Alternatively, the web page may include a hyperlink to another web page that itself contains the malicious content. In that case, upon loading the first web page, the malicious code is not immediately retrieved or executed. But should the user clink upon the malicious link, the user's browser will visit the linked-to web page and potentially retrieve and execute the malicious content.
With reference to
User 106, via network 104, transmits a request using a suitable computing device (e.g., a desktop computer, laptop computer, mobile device, or tablet) to hosting grid 102 for a particular web page.

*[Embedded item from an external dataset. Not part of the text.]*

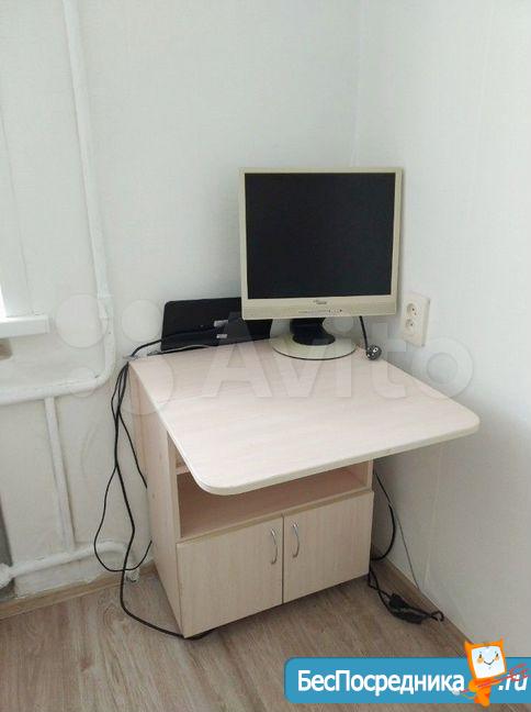 в комнате имеется кухонный уголок с раковиной и подводом воды, холодильник, микроволновка, стол и стулья, а также диван, компьютерный столик, шкаф.

In one implementation, the request transmitted by user 106 includes a uniform resource locator (URL) identifying the requested web page. The content associated with the requested web page is retrieved by hosting grid 102 and transmitted back to user 106 for display on the user's computing device.

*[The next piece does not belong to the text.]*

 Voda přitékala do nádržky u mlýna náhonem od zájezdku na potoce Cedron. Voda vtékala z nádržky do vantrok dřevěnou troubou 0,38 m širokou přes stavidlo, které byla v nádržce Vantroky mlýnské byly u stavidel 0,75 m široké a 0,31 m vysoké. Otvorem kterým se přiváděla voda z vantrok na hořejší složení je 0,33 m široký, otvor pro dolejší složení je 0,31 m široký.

As discussed above, in some cases, the content associated with the requested web page may include malicious code that, once retrieved from hosting grid 102, may be installed on or executed by the computing device of user 106 or malicious content that may be part of a phishing scheme, for example.

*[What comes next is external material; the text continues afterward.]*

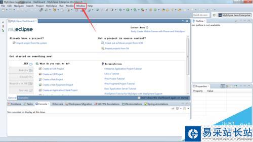 1、首先,打開MyEclipse開發(fā)平臺,上方找到“windows”選項
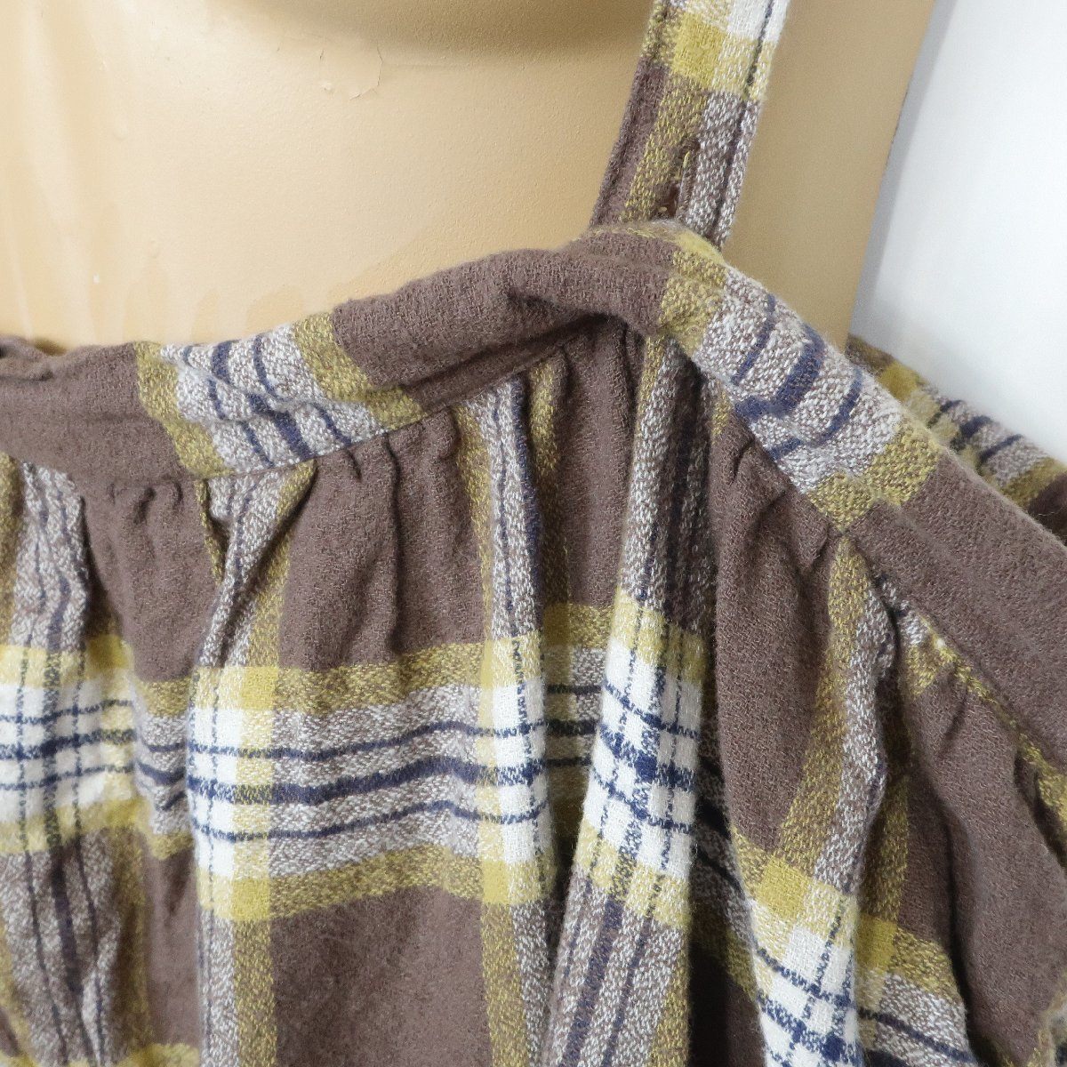 商品説明 | 【実寸約】 ウエスト100 丈86 (cm) 【サイズ表記】 F 【素材】 綿85麻15% 【状態】 普通の使用感のあるお品物 【デザイン】ブラウン×イエロー 落ち着いた色合いがすてきな肩ひも付きフレアスカートです。 肩ひもはボタンで取り外し可能。 着回しのきく一枚です。 両サイドにポケット付き。 ウエストは内蔵コードで調節も可能です。 |

In the present system, therefore, to prevent the user from inadvertently retrieving malicious content from a web server or other source, the present disclosure provides a system configured to scan a target web site for potential malicious content (either embedded directly in the web site's code, or linked-to by the web pages of the target web site). The scan allows the system to identify potentially malicious links or web pages that can then be filtered from the content transmitted to the user in response to a web page request. In this manner, the user can be insulated from that malicious content.
Once a link to the malicious content has been identified, a web site administrator may be notified so that the administrator can remove the link to the malicious content from their web site. In the present system, this process may be automated and may be performed using a software application, described below. Additionally, the present system provides a proxy server configured to intercept malicious links in the web pages of web sites that are being requested by a user. Once intercepted, the malicious links can be removed from the requested web page so that the malicious links (and, thereby, the malicious code) do not reach the user's requesting computer device and, as such, cannot be executed by the computing device.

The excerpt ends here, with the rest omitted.